Wednesday, April 25, 2007

The Polar Express (2004)

Synopsis: On Christmas day, a boy takes a train to the North Pole; in it there are several other children; on the way they go through many adventures.
Appraisal: At one scene, a girl looks through the train window to a toy store and says: "Oh, look! It's all so Christmassy, and cozy [...]" That scene sums this film up in what pertains to its text, a veritable ode to everything bourgeois and materialistic as embodied in the Christmas tradition.
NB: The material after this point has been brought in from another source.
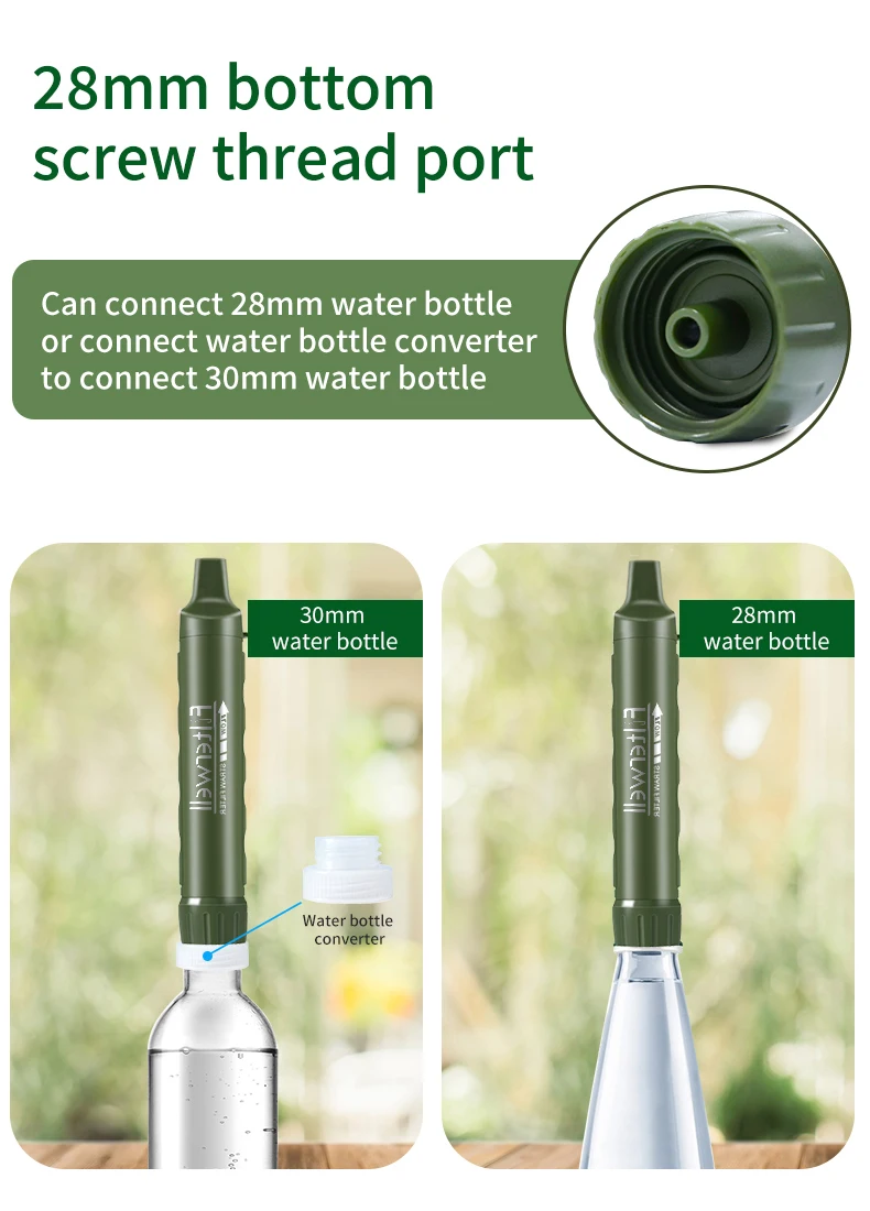 Filterwell Personal Camper เครื่องกรองน้ําฟางแบบพกพากลางแจ้ง Survival Hikeup ดื่มผลิตภัณฑ์ฉุกเฉินสําหรับการเดินทางหลอดกรองน้ําเป็นนวัตกรรมใหม่และพกพาสะดวก ออกแบบมาเพื่อให้น้ําดื่มสะอาดและปลอดภัยในแหล่งน้ํากลางแจ้งกะทัดรัดและน้ําหนักเบา: หลอดกรองน้ํามีขนาดเล็กและน้ําหนักเบา ทําให้พกพาสะดวกและพกพาสะดวกในกระเป๋าเป้สะพายหลัง ชุดอุปกรณ์ฉุกเฉิน หรือแม้แต่กระเป๋าเสื้อของคุณเทคโนโลยีการกรอง: ใช้เทคโนโลยีการกรองขั้นสูงเพื่อขจัดสิ่งสกปรก สารปนเปื้อนออกจากน้ํา ทําให้คุณมั่นใจได้ว่าคุณสามารถเข้าถึงน้ําดื่มสะอาดได้ทุกที่ใช้งานง่าย: การใช้หลอดกรองน้ําเป็นเรื่องง่ายเพียงจุ่มหลอดลงในแหล่งน้ํา (เช่น ลําธาร ทะเลสาบ หรือก๊อกน้ํา) จากนั้นดูดผ่านหลอดเพื่อดื่มกระบวนการกรองจะเกิดขึ้นเมื่อคุณดื่ม ทําให้สะดวกและเป็นมิตรต่อผู้ใช้รายการบรรจุภัณฑ์– 1 * หลอดกรองน้ํา– 1* ตัวแปลง– 1 * หัวเข็มขัด– 1 * สลิง– 1 * หัวทรายคุณสมบัติของสินค้าการกรองสามเท่า1.กรองหัวทรายกรองสารแขวนลอยที่มองเห็นได้ เช่น ตะกอนและวัสดุที่ลอยอยู่2.คาร์บอนไฟเบอร์ที่เปิดใช้งานสามารถดูดซับสารประกอบอนินทรีย์ กรดเบนโซอิก และสารประกอบอินทรีย์อื่นๆ ในสารละลายน้ํา ขจัดกลิ่นสีได้อย่างมีประสิทธิภาพ และปรับปรุงรสชาติ3.เมมเบรน UF 0.01 ไมครอนท่อไมโครไฟเบอร์กลวงช่วยขจัดสิ่งปนเปื้อนและปกป้องคุณจากน้ําที่ไม่ปลอดภัยระหว่างการผจญภัยกลางแจ้งการออกแบบหัวเข็มขัดที่ถอดออกได้สามารถเชื่อมต่อหัวเข็มขัดปีนเขาได้ พกพาสะดวก และสะดวกสําหรับการเดินทางคุณยังสามารถพกพาด้วยสลิงได้ปากเกลียว 28 มม.เหมาะสําหรับปากขวดเกลียวที่มีเส้นผ่านศูนย์กลาง 28 มม. หรือเชื่อมต่อตัวแปลงขวดน้ําเพื่อเชื่อมต่อขวดน้ําขนาด 30 มม.ง่ายต่อการใช้1.พกพาสะดวกกลางแจ้ง ใช้ซ้ําได้ ไม่ต้องกังวลเรื่องการอุดตันของตัวกรอง2.สามารถกรองลงในน้ําได้โดยตรงด้วยช่องเติมของหลอดกรอง3.เชื่อมต่อท่อต่อหัวทราย มันสามารถกรองตะกอนน้ํา ปกป้องส่วนหลังของตัวกรอง ยืดอายุตัวกรอง.อายุการใช้งานตัวกรองอยู่ที่ 4,000 ลิตร ซึ่งสามารถรับประกันความต้องการน้ําดื่มกลางแจ้งได้คําพบบ่อย 1.น้ําชนิดใดที่สามารถกรองได้?เหมาะสําหรับน้ําพุบนภูเขา แม่น้ํา ทะเลสาบ ลําธาร น้ําใต้ดิน น้ําฝน น้ําหิมะ น้ําผิวดิน น้ําประปา และแหล่งน้ําจืดอื่นๆ โดยไม่มีมลพิษทางเคมี(ไม่สามารถกรองน้ําทะเลได้ รีเวอร์สออสโมซิสสามารถขจัดโลหะหนักและเกลือได้)2.สามารถอยู่ได้นานแค่ไหนโดยไม่ต้องใช้งาน?สามารถเก็บไว้ได้ 3-5 ปี ขึ้นอยู่กับวันที่ซื้อ3.สามารถใช้ได้กี่ครั้งหรือนานแค่ไหน?

Even the usual hypocritical discourse is reproduced without flaw (the same girl, now speaking for the virtues of Christmas): "It's a time for giving." Needless to say, everyone in the movie is thinking only of receiving. In the end, every kid receives moral directions issued by the train conductor, which might as well be coming from Mussolini himself: "Lead" to the girl, "Believe" to the boy, and so on. The film proceeds like that, with an unflinching solemnity which relaxes on rare occasions to give way to a clumsy sense of humor e.g. in the sequence with the tap-dancing waiters. The striking visual design, coupled with the technique of reproducing live actors in animated form, is what saves the film from complete worthlessness; if you are willing to disregard the dull text and enjoy the film strictly as a visual entity, it may offer some enjoyment for you.